Return, from the lines below, each one that includes the word "surface".

*Extracted entries*
——————————

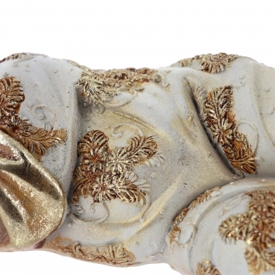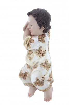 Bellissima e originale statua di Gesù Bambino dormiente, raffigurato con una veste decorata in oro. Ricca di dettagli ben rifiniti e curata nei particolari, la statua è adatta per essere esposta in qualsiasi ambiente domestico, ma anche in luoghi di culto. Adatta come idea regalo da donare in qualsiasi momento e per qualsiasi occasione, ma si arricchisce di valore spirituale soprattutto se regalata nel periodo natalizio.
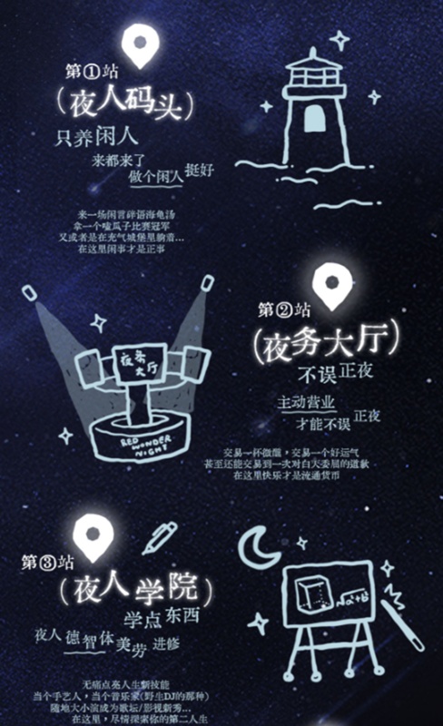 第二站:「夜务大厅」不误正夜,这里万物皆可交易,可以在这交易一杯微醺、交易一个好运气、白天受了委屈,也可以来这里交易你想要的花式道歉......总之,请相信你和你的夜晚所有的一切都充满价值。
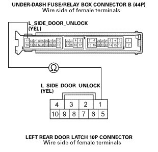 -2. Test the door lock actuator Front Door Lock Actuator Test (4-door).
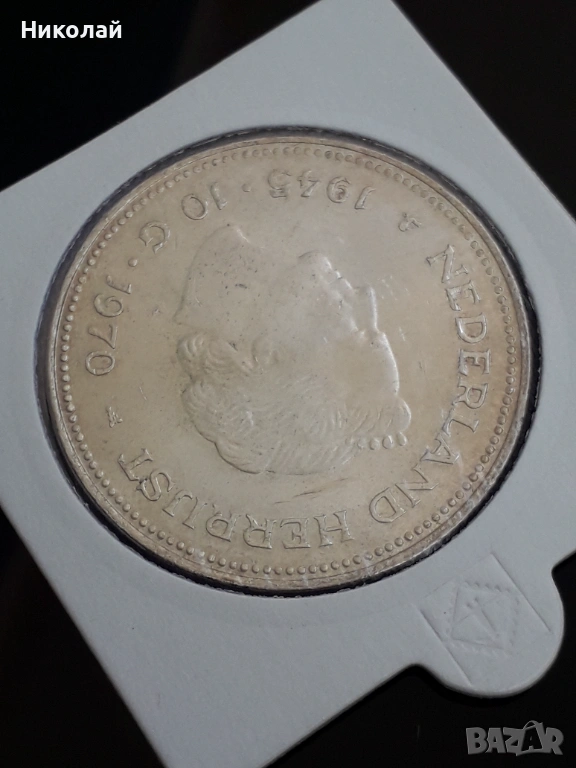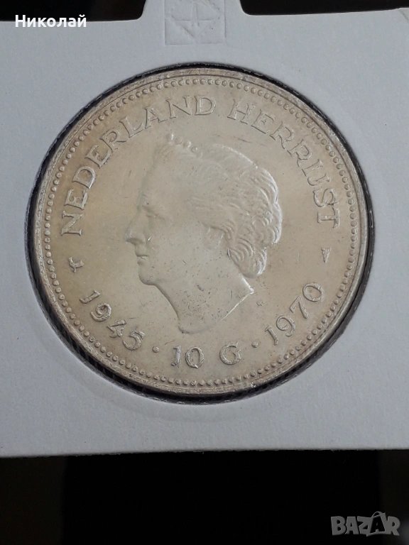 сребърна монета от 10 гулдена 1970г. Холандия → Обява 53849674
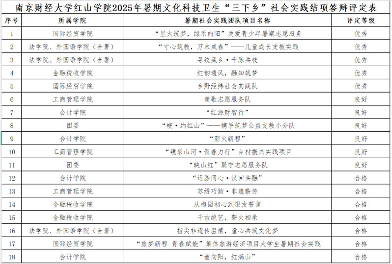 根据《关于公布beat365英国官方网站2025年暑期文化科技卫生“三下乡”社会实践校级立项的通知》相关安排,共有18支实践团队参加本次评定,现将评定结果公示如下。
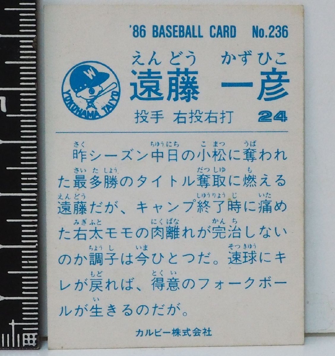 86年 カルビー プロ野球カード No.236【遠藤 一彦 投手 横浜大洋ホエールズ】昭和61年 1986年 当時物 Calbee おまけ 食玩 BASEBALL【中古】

——————————

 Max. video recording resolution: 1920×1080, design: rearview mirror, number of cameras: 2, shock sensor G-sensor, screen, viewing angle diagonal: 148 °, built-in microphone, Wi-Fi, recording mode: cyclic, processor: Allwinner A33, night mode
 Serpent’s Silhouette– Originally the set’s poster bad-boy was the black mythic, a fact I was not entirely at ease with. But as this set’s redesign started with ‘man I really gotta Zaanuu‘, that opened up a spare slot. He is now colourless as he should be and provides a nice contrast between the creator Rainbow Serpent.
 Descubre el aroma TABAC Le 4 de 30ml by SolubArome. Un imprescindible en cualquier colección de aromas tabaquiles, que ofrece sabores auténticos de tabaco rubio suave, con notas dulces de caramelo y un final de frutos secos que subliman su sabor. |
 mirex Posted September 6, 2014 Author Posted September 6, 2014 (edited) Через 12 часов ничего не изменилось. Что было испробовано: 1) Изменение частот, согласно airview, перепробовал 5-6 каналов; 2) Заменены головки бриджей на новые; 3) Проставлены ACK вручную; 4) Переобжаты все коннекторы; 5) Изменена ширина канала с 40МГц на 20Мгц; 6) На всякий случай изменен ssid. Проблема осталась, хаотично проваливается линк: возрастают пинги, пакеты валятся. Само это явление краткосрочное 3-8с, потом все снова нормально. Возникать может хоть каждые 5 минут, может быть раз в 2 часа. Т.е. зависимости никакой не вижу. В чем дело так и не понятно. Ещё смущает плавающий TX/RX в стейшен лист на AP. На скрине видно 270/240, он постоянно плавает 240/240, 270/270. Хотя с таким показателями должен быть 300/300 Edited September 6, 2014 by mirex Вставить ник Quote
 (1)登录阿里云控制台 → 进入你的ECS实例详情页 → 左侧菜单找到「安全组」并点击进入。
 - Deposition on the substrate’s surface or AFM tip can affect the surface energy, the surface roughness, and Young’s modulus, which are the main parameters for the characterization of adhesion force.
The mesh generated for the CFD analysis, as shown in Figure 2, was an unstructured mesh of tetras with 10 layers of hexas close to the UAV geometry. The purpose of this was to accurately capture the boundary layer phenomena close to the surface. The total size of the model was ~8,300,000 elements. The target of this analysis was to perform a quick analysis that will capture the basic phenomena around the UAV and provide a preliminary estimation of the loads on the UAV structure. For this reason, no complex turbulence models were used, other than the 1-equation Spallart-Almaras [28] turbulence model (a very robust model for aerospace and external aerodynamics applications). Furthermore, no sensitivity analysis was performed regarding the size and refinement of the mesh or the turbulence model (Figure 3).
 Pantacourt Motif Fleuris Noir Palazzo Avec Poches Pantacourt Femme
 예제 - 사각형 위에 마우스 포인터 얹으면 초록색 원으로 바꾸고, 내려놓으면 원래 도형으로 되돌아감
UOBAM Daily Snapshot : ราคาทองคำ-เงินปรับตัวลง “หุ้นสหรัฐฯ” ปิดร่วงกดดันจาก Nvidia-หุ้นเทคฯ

——————————

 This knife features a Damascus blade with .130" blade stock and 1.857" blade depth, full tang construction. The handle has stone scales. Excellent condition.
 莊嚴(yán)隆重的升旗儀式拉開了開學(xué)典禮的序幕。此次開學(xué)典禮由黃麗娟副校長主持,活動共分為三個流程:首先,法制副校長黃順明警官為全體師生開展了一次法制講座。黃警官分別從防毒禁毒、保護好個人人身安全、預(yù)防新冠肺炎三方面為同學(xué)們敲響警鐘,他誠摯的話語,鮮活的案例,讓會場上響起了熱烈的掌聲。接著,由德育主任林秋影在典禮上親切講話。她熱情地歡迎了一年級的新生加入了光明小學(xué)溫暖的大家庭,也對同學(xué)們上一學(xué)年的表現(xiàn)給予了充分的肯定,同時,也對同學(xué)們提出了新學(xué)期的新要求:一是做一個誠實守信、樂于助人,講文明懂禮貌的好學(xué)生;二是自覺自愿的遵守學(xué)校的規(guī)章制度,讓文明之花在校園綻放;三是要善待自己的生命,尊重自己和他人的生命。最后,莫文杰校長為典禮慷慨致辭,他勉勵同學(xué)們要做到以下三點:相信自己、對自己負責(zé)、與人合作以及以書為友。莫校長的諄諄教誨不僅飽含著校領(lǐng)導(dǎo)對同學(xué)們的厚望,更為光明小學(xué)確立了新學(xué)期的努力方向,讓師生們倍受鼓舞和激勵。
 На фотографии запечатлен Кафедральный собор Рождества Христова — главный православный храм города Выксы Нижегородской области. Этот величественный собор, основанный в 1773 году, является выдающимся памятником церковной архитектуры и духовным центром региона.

——————————

*Expected output*
 - Deposition on the substrate’s surface or AFM tip can affect the surface energy, the surface roughness, and Young’s modulus, which are the main parameters for the characterization of adhesion force.
The mesh generated for the CFD analysis, as shown in Figure 2, was an unstructured mesh of tetras with 10 layers of hexas close to the UAV geometry. The purpose of this was to accurately capture the boundary layer phenomena close to the surface. The total size of the model was ~8,300,000 elements. The target of this analysis was to perform a quick analysis that will capture the basic phenomena around the UAV and provide a preliminary estimation of the loads on the UAV structure. For this reason, no complex turbulence models were used, other than the 1-equation Spallart-Almaras [28] turbulence model (a very robust model for aerospace and external aerodynamics applications). Furthermore, no sensitivity analysis was performed regarding the size and refinement of the mesh or the turbulence model (Figure 3).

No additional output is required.